One leading rational of this work is to investigate the model’s ability to address ecological challenges such as estimating the abundance of a given species (census) or detecting anomalous spatial features. We use both mobile and immobile simulated transects to illustrate how the model could be used in the first problem. The probability of counting the same animal multiple times can then be estimated using Monte Carlo simulations. The second issue is, for instance, to detect spatial voids in empirical movement paths. The location of animals may present empty spatial voids (or holes) of various sizes. This may be related to environmental conditions such as urban areas, water, cliff, or other ecological reasons (such as interactions with other individuals \(\textit{e.g.}\) repulsive marks) and other factors. Using numerical simulations of the model, we are able to detect anomalous voids in the dataset, that are not related to randomness but to human activity. The void 1 (deer 1) reveals that some environmental changes took place between the recording time of the GPS location in 2010 and the satellite image in 2018. After cross-checking with additional information from the OFB, we learned that the identified area was a forest enclosure. This explains why the deer was not able to reach this area. Both voids 1 and 2 of deer 4 also are related to human activities: forest roads, buildings and one artificial reservoir.

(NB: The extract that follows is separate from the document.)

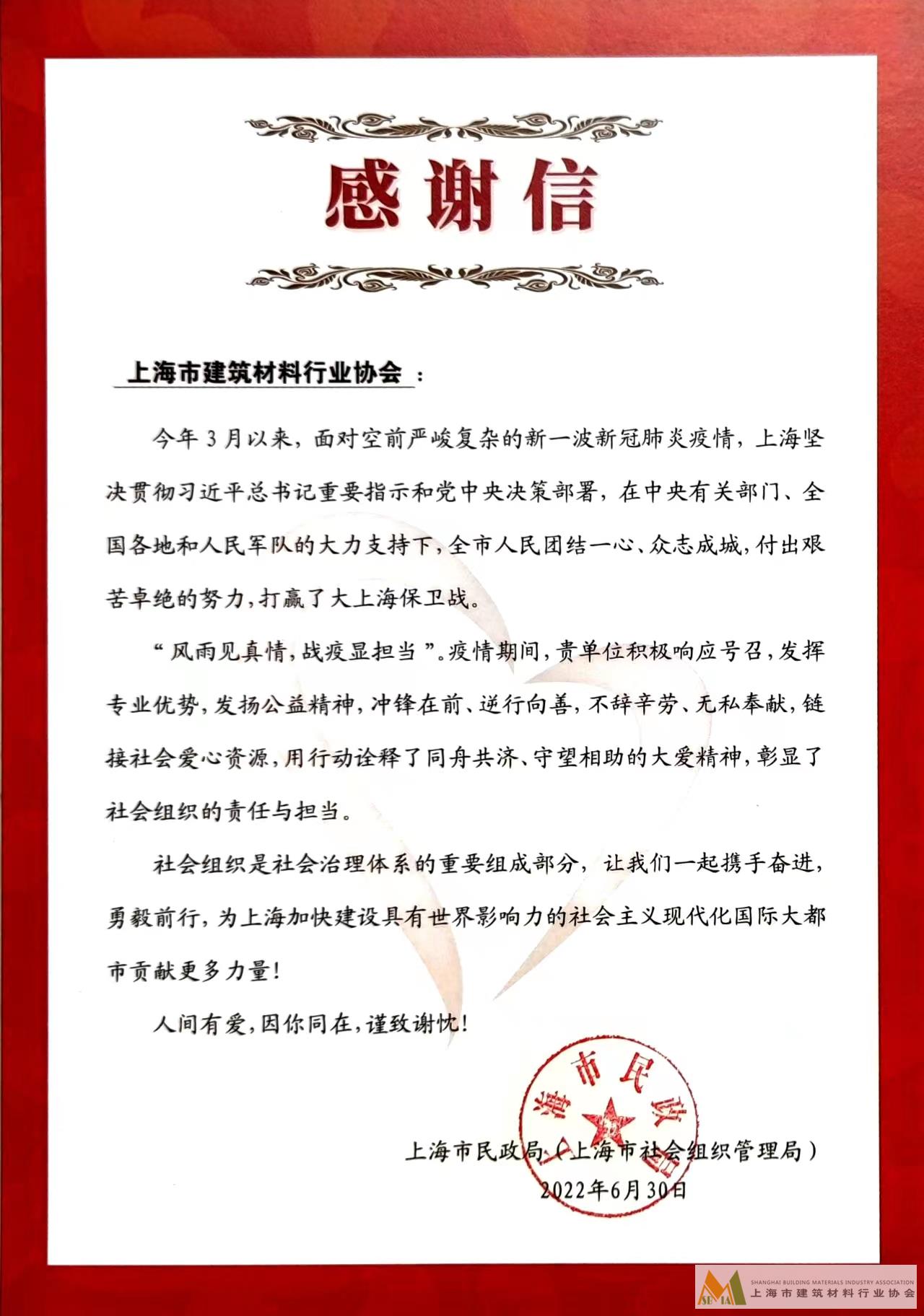 近日,協(xié)會(huì)收到上海市民政局(上海市社會(huì)組織管理局)發(fā)來(lái)的感謝信,對(duì)協(xié)會(huì)在疫情期間積極響應(yīng)號(hào)召,鏈接愛(ài)心資源,發(fā)動(dòng)會(huì)員單位捐贈(zèng)物資,爭(zhēng)做志愿者等工作表示感謝。

This work introduces a tractable model, based on a two-dimensional BCR for describing animal movement in discrete time and continuous space. The model allows for a direct and explicit estimation of the three parameters that provide the optimal design regarding the studied statistics. Moreover, it allows for deriving reliable (i.e. independent from the GPS sampling rate) and quantitative information about the components of animal movement. Results show that combining the parameters is a key component in modeling movement, while allowing for an accurate description of the turning angles, home range size and census issues. The model also has practical applications for addressing ecological issues such as census or spatial anomalies. While we only focus on 5 animals to demonstrate the approach, the model is general and can be applied to any other species. We considered only one attractor per animal in the proposed approach and both the existence and influence of multiple attractors are yet to be investigated. Additional behavior features such as the spatial reinforcement, memory of n previous steps, activity rhythms (such as the circadian cycle), distance from the attractor, landscape/habitat effect66, interactions with other animals and topological issues are currently being investigated and will be included in a future work. Comparing the proposed method to other existing approaches, such as the HMMs, would allow for evaluating its benefits and disadvantages in terms of both precision (error) and computational resources. In particular, the scale invariance of the parameters may provide a benefit compared to other scale-dependent approaches. An additional improvement would be to consider \(d_{\min }\) as an average speed cutoff instead of a distance cutoff. This would allow for capturing immobile or slower movements independently from the average sampling time \({\overline{T}}\). Another point of interest is the development of a continuous version of the proposed model, where the direction of the step is drawn from a specific distribution, whose parameters are yet to be empirically characterized.